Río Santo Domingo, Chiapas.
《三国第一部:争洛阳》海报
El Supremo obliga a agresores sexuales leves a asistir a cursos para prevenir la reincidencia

--

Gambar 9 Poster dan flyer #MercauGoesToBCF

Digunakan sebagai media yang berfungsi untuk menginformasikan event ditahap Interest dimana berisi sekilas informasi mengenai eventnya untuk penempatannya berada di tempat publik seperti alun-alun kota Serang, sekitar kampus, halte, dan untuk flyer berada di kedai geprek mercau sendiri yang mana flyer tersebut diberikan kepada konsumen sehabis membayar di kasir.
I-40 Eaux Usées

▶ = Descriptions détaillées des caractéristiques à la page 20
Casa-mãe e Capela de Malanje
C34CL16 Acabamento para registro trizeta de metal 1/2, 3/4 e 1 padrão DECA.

ACTIVITY
If a line in the data above includes the string "flyer", copy it.

SOLUTION BELOW
Gambar 9 Poster dan flyer #MercauGoesToBCF
Digunakan sebagai media yang berfungsi untuk menginformasikan event ditahap Interest dimana berisi sekilas informasi mengenai eventnya untuk penempatannya berada di tempat publik seperti alun-alun kota Serang, sekitar kampus, halte, dan untuk flyer berada di kedai geprek mercau sendiri yang mana flyer tersebut diberikan kepada konsumen sehabis membayar di kasir.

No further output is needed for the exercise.